Recruiting event at Kansas encourages girls to think outside the box

Recruiting event at Kansas encourages girls to think outside the box
Posted on 02/02/2018
Madyson Hopkins of Colcord led more than 30 high school girls through a wiring project as part of Northeast Tech’s Jobs for the Girls event in early February. Most days the electrical classroom at Northeast Tech’s Kansas campus is filled with guys training on everything from circuitry to robotics, but that was not the case one Thursday in February when more than 30 high school girls attended Northeast Tech’s annual “Jobs for the Girls” event.

“Today isn't about recruiting for just the electrical program, it's about you thinking outside of the box about what you want to do,” said Electrical Technology Instructor Wade Friesen in his comments to the guests. “Our goal with this event is to create an environment for you to learn more about the training and career opportunities that are available in what’s typically a male-dominated trade.”

The high school students from Kansas, Colcord, Jay, Oaks and Locust Grove who attended the event were greeted with pink tablecloths and pastries for breakfast before taking their seat in the electrical classroom. Friesen invited industry partners from McKee Foods, White Wing Construction, Crossland Construction and Kimbel Mechanical, to kick off the morning session by describing their careers and the professional path they traveled.

After hearing from these ladies, the students donned their safety glasses and headed into the shop for a wiring activity led by Friesen’s current students.

“It was fun – actually learning how to do some I didn't know how to do before,” said J'Lynne Bryant of Kansas. “I liked today.”

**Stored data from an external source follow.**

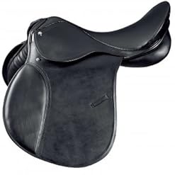 GENERAL PURPOSE SYNTHETIC HALFLINGER SADDLE WIDE FIT BLACK/TAN COLOR SIZE 17″
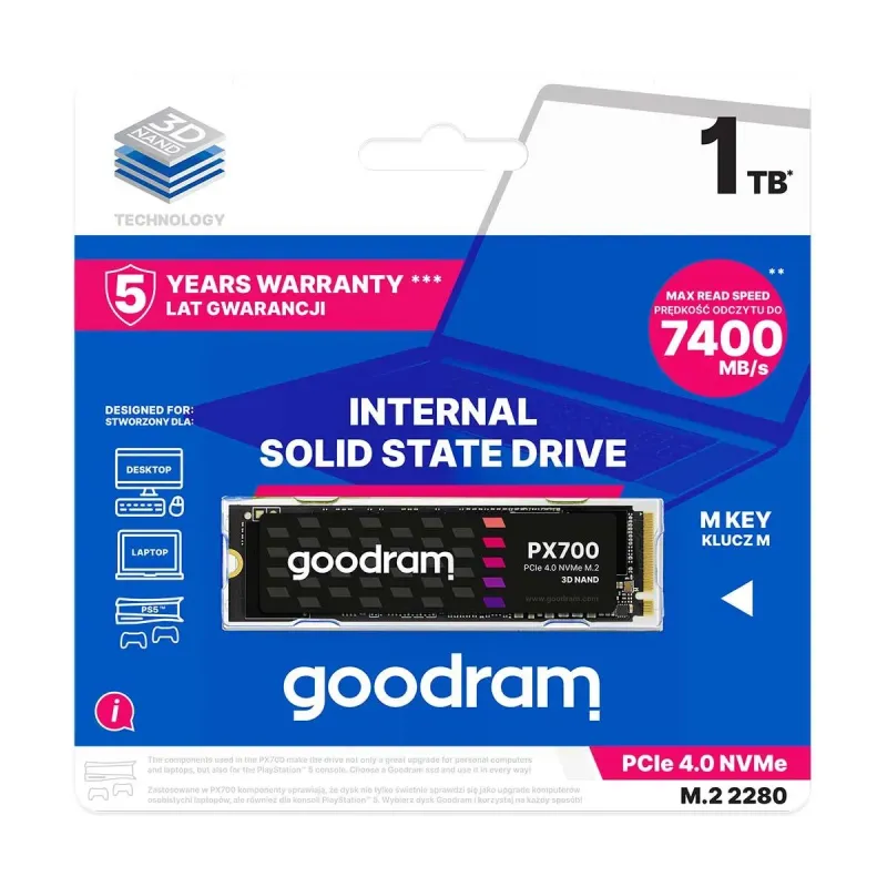 Dysk SSD GOODRAM PX700 1TB M.2 2280 PCIe NVMe (7400/6500 MB/s) RETAIL Dysk SSD GOODRAM PX700 1TB M.2 2280 PCIe NVMe (7400/6500 MB/s) RETAIL to dysk SSD o pojemności 1 TB. Zapewnia szybki dostęp do danych i krótki czas uruchamiania systemu.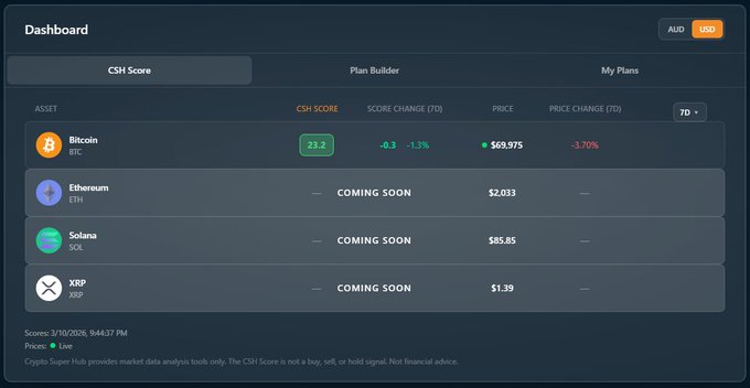 BTC价格:69,958 美元。7 天内下跌 3.55%。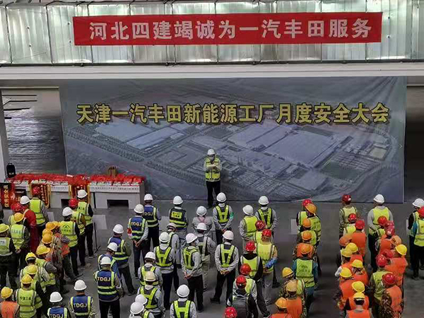 5月27日上午,由業(yè)主天津一汽豐田汽車項(xiàng)目部主辦的“新能源工廠建設(shè)項(xiàng)目月度安全大會(huì)”,在天津分公司施工的樹(shù)脂車間現(xiàn)場(chǎng)召開(kāi)。中建、中冶、浙江寶業(yè)、江蘇江都等23家參建單位,1650人參加了大會(huì)。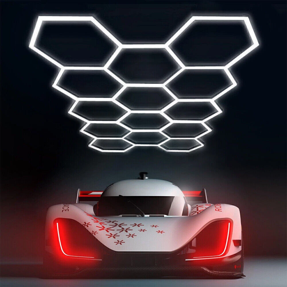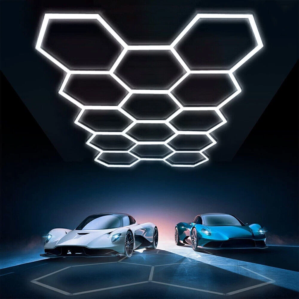 14-Grid Hexagon LED Lighting Car Detailing Garage Workshop Light Honeycomb USA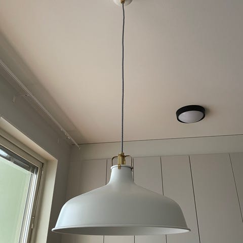 Taklampa i svart och mässing från IKEA, modell Ranarp. Nypris 399 kr.

Bryant and her classmate, Lainie Payton, were one of the first teams to successfully complete their project which consisted of running and connecting wires to complete a circuit and illuminate a light bulb.

Once all the teams wrapped up their work in the shop, they went for a quick break and then reconvened back in the classroom to hear from a few more women representing industries that included Google, ACIPCO, RAE Corp, and CBI Wholesale Electric Supply.

Erin Stafford, a facility technician and electrical journeyman at Google, spoke to the students about her professional success in a trade typically worked by men.

“At one point we had 1,200 electricians and only three were female, said Stafford. “If you prove to the guys that you're there to work, you'll just become part of the team. Being the only woman doesn't feel odd after a while, so don't let that stop you.”

April Anderson, owner/operator of CBI Wholesale Electric Supply, also shared about her career journey from working alongside her father in the electrical business to realizing that her passion was in the sale of electrical equipment.

“Go after what you want to learn,” said Anderson. “I’m still learning, and I ask the contractors I work with a lot of questions so I can better understand their needs and how my company can help them.”

Students also heard from Tonya Backward, who is responsible for workforce development in MidAmerica Industrial Park. Her comments focused on the many job opportunities available in the park, as well as the pay and benefits that come with the jobs.

“You heard from four of our companies today, but we have 80 companies in the park, and 4,000 people come in and out of the park for work every day,” Backward said. “Talk to your counselors and your teachers, because I've got great partners like RAE and American Castings that will allow you to tour their facilities and learn about the career options available.”

At the close of the event, student advisor Kathie Benson spoke about enrollment procedures, but she also called upon some of the current female students to share their thoughts about the electrical program. Summer Warren, who was a Jobs for the Girls participant two years ago, offered her thoughts about the benefits of attending Northeast Tech.

“You not only pick up skills for your future career, you pick up good habits that will help you with any job,” Warren said. “The number of job options I have now is eye opening.”